DESCRIPTION OF THE TASK:
Once "Desain floral Celosia" turns up in a line below, reproduce that line and those after it exactly, stopping after the line with "Angles and reflections"; leave pictures out.

Extracted records:
----------

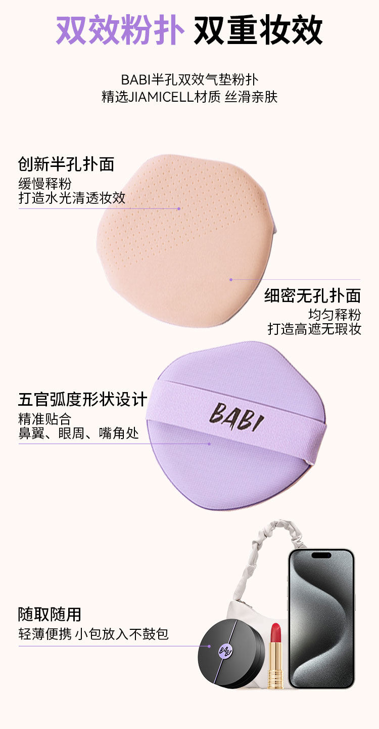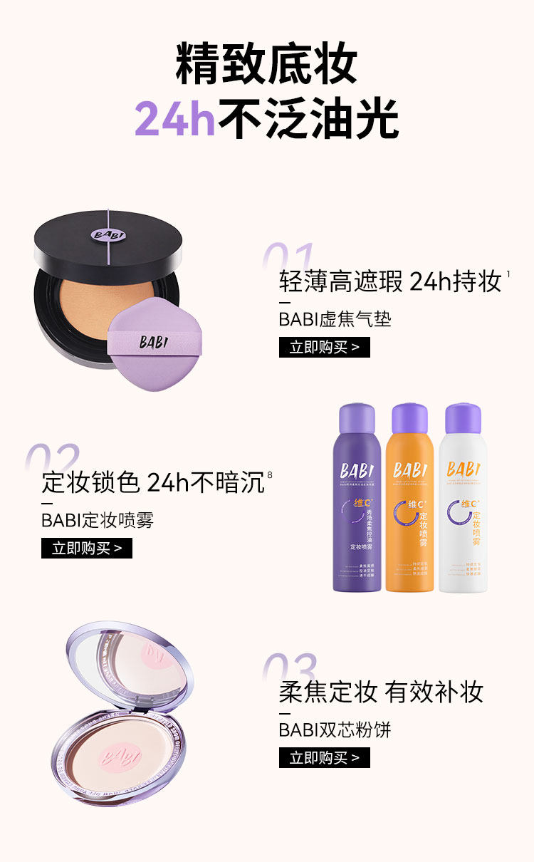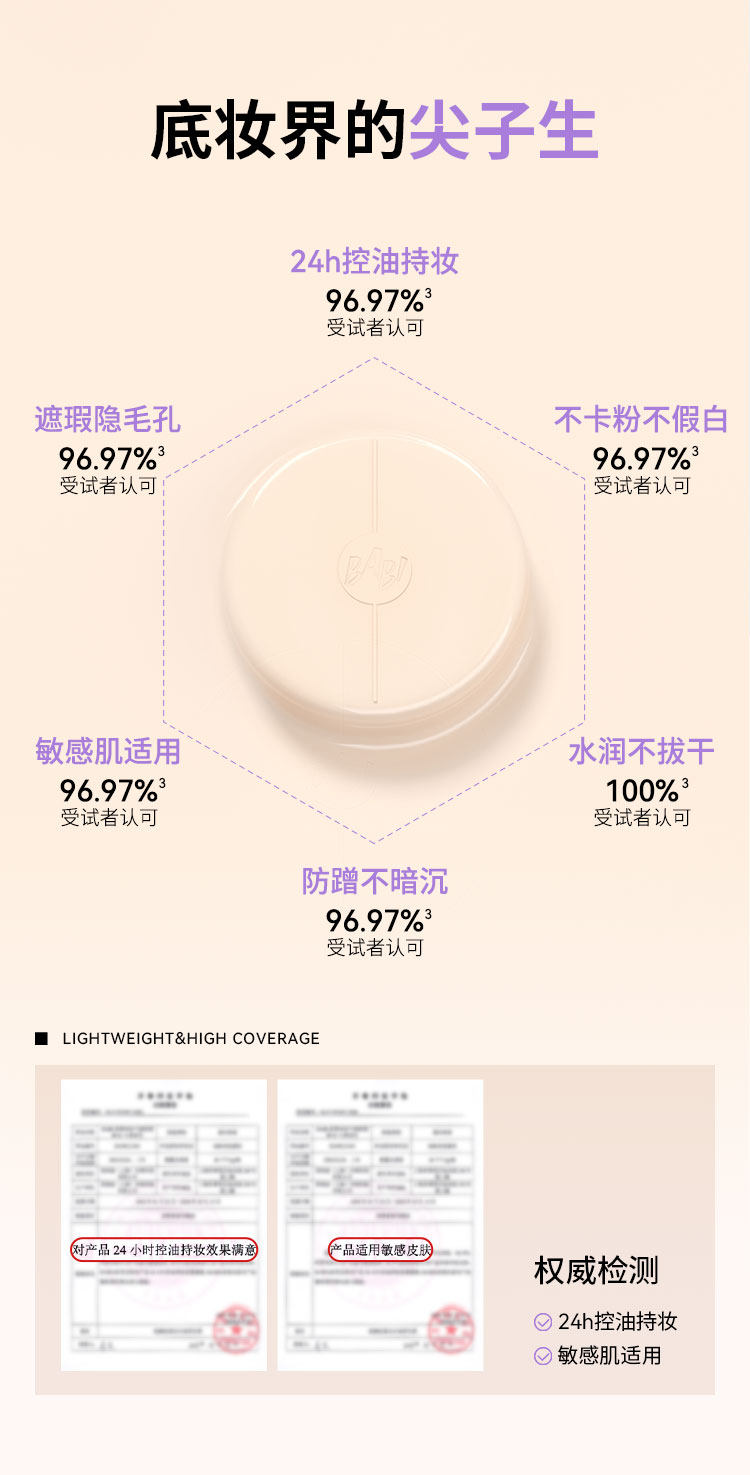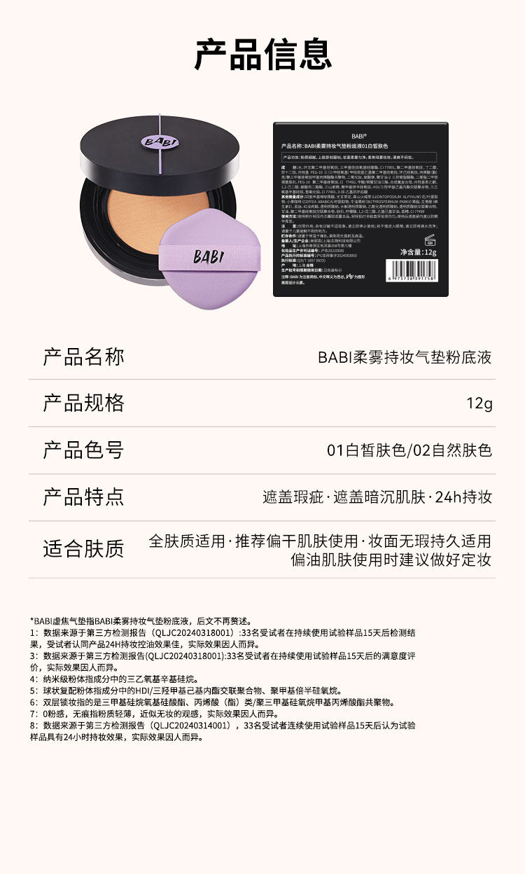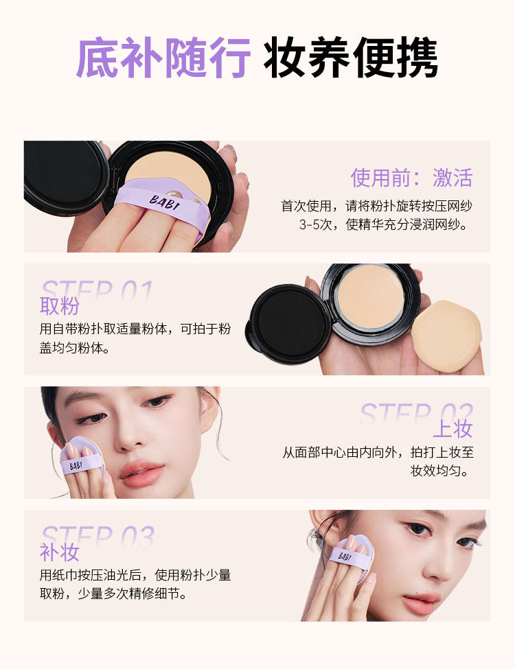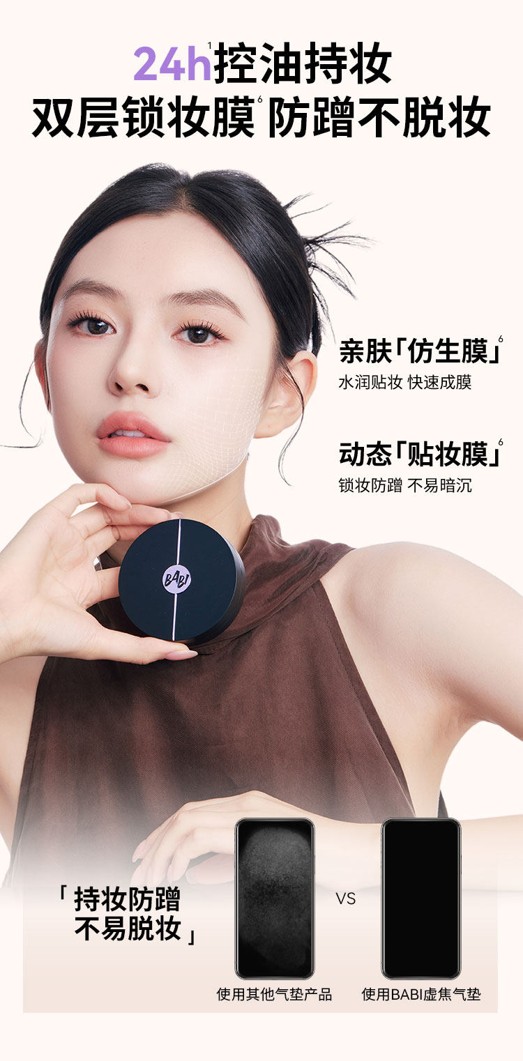 BABI持妆气垫 柔雾粉底液控油轻薄防蹭水润不拔干高遮瑕持久不脱妆
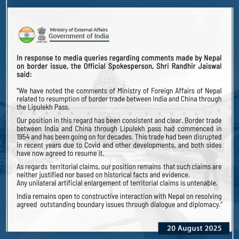 उनले यस विषयमा भारतको धारणा स्पष्ट र निरन्तर रहँदै आएको उल्लेख गरेका छन् । ‘भारत र चीनबीच लिपुलेक मार्ग हुँदै हुने सीमा व्यापार सन् १९५४ मा सुरु भएको थियो र दशकौँदेखि चल्दै आएको छ। यो व्यापार पछिल्ला वर्षहरूमा कोभिड र अन्य कारणले अवरुद्ध भएको थियो । दुवै पक्षबीच सहमति भएपछि यसलाई पुनः सुरु गर्ने निर्णय गरिएको हो,’ विज्ञप्तिमा छ ।
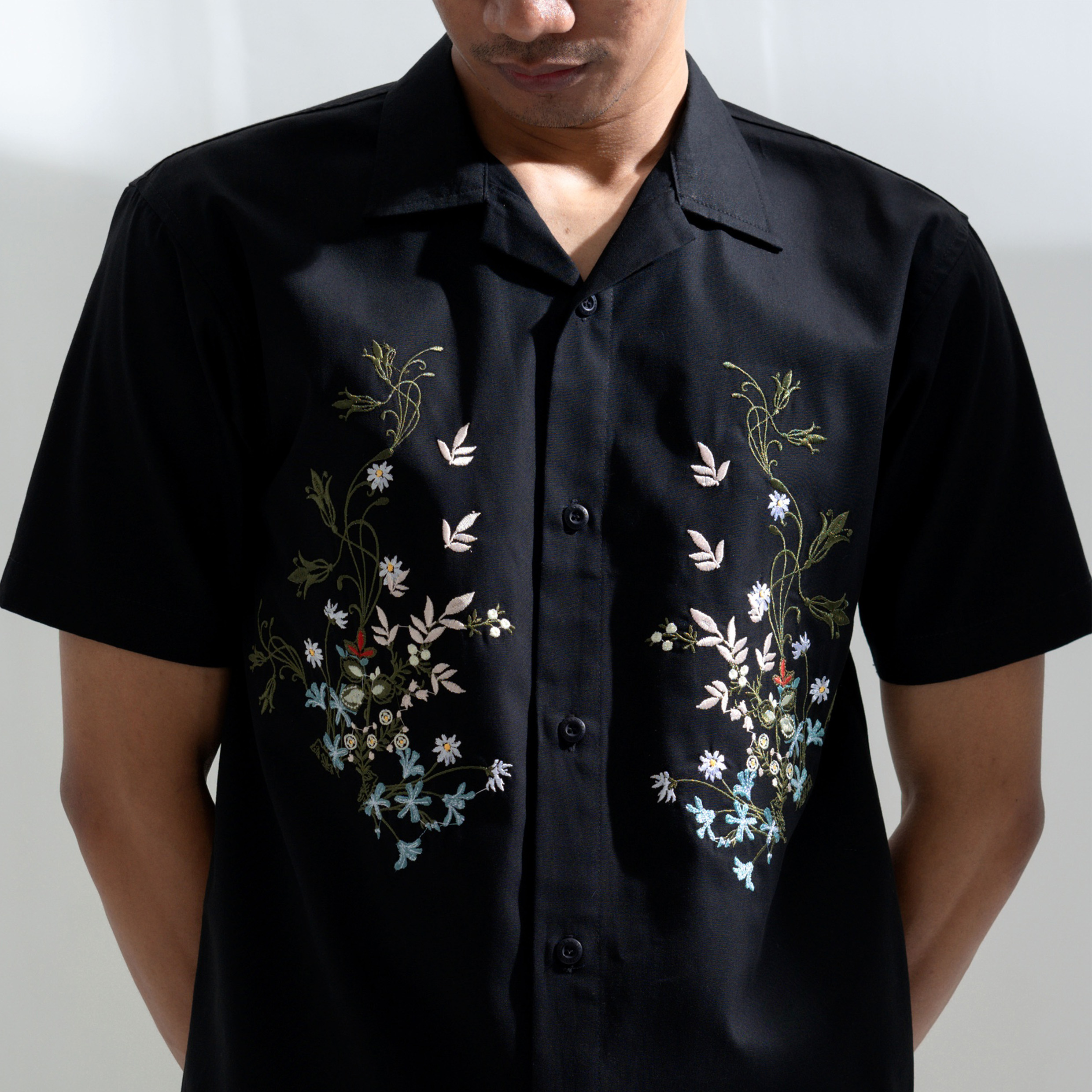 Desain floral Celosia dengan kombinasi warna lembut seperti hijau, biru, dan putih memberikan kesan segar dan dinamis di atas dasar warna hitam klasik. Potongan relaxed fit dan Cuban collar menjadikan kemeja ini mudah dipadukan dengan berbagai gaya, dari casual hingga smart look.
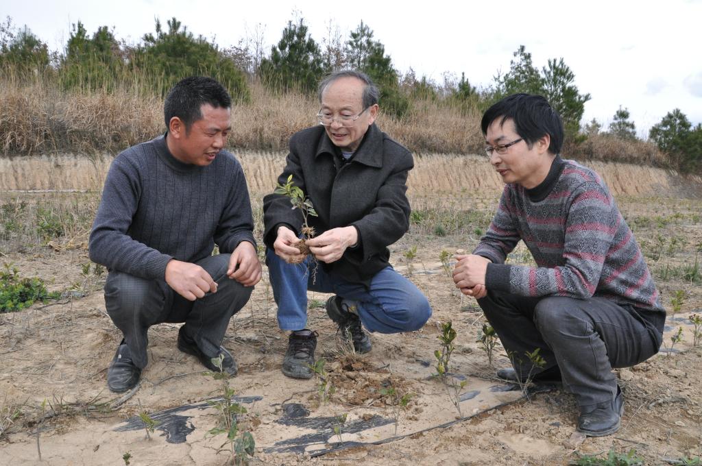 中國農(nóng)業(yè)科學院茶葉研究所原副所長白堃元(中)在四川廣元與當?shù)夭柁r(nóng)交流茶葉種植技術(2015年3月27日攝)。新華社發(fā)
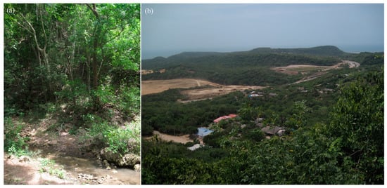 (a) Local spring in the tropical dry forest at the Cucamba drainage channel; and (b) Panoramic view of the village of El Morro. In the background, the Caribbean Sea, the coastal highway (90A), and on the left, the construction site of the Velamar gated community project (photos Schubert, July 2018).
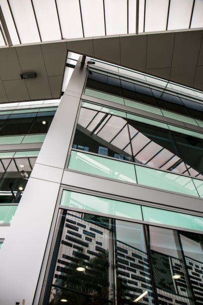 Angles and reflections of varying surfaces of a building.
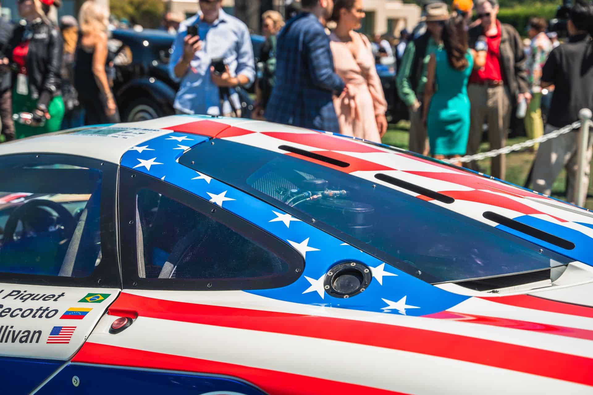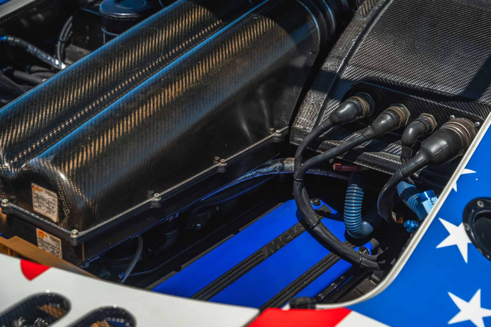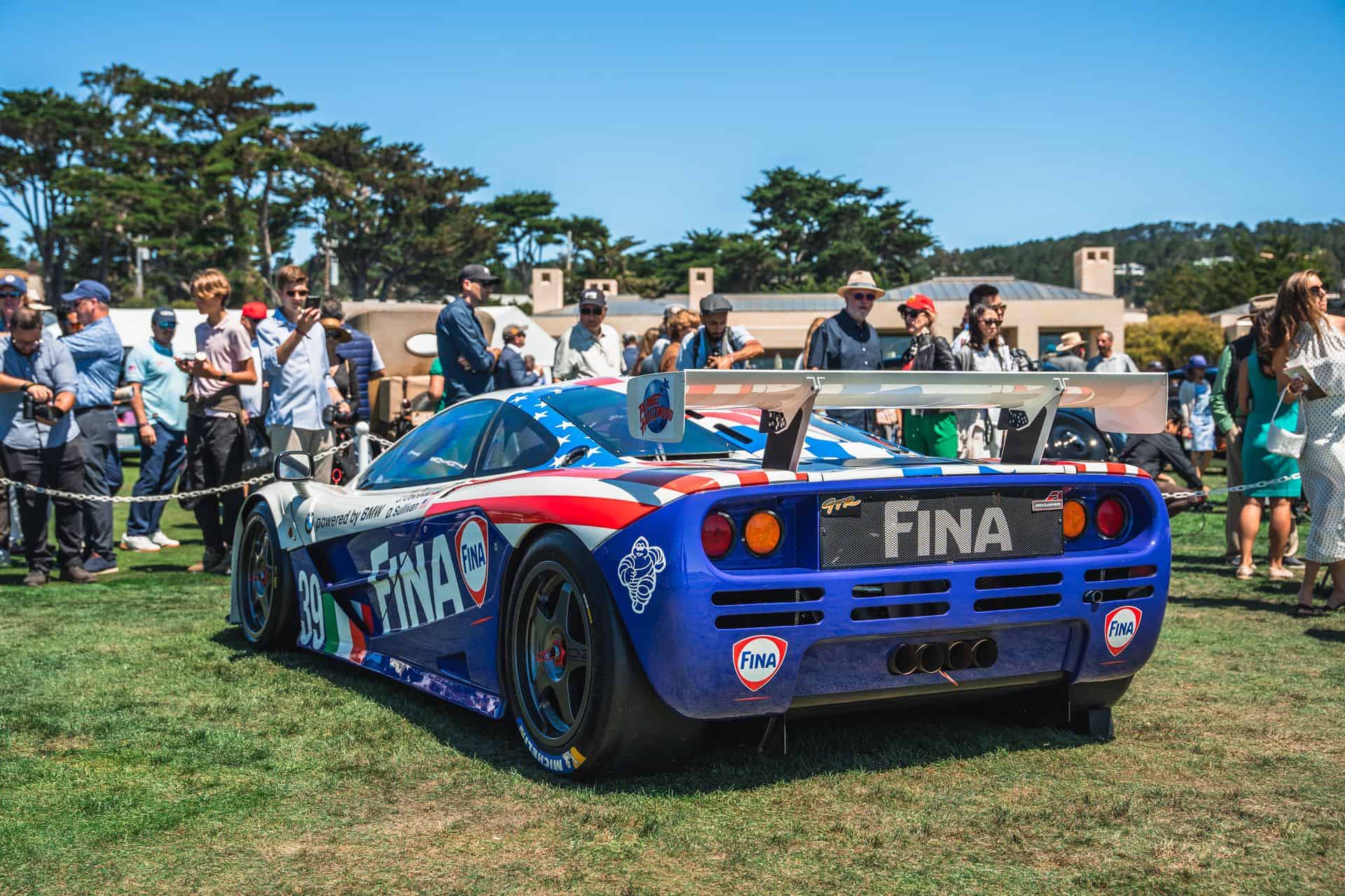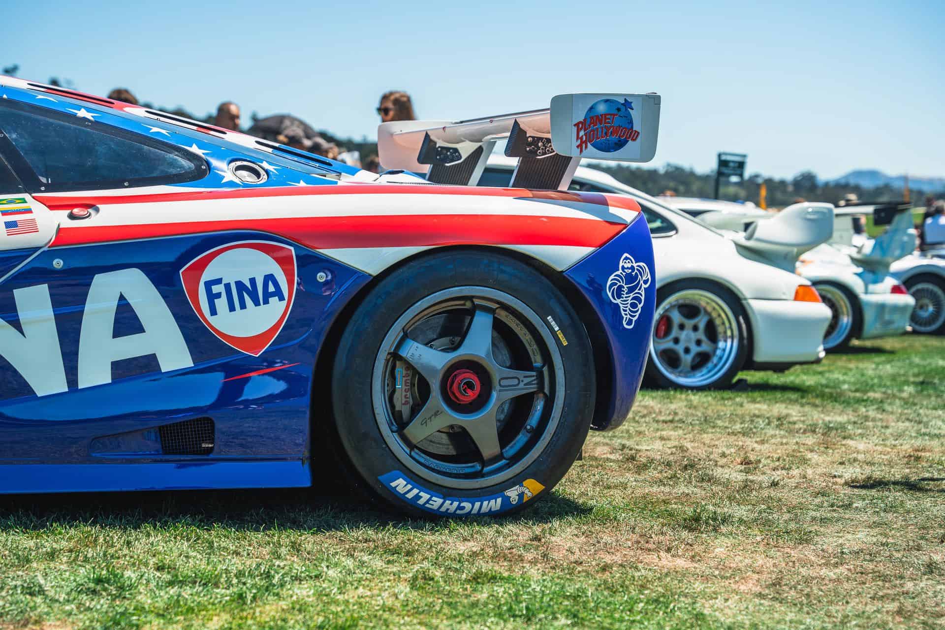 Sometimes called the FINA car, McLaren F1 chassis #17R is widely recognizable, and it’s the one that showed up at Pebble Beach. It’s one of a trio originally purchased by BMW Motorsport – chassis 16R through 18R. After pre-qualifying runs at Le Mans, the car ran at Silverstone in 1996, where it finished fourth overall. The car’s final race was the full Le Mans 24 Hours. Nelson Piquet, Johnny Cecotto, and Danny Sullivan raced it with BMW’s Italian race partner, Bigazzi Team SRL, and it finished in eighth place and sixth in-class behind three other McLaren F1 GTRs.

----------

ANSWER SECTION:
 Desain floral Celosia dengan kombinasi warna lembut seperti hijau, biru, dan putih memberikan kesan segar dan dinamis di atas dasar warna hitam klasik. Potongan relaxed fit dan Cuban collar menjadikan kemeja ini mudah dipadukan dengan berbagai gaya, dari casual hingga smart look.
 中國農(nóng)業(yè)科學院茶葉研究所原副所長白堃元(中)在四川廣元與當?shù)夭柁r(nóng)交流茶葉種植技術(2015年3月27日攝)。新華社發(fā)
 (a) Local spring in the tropical dry forest at the Cucamba drainage channel; and (b) Panoramic view of the village of El Morro. In the background, the Caribbean Sea, the coastal highway (90A), and on the left, the construction site of the Velamar gated community project (photos Schubert, July 2018).
 Angles and reflections of varying surfaces of a building.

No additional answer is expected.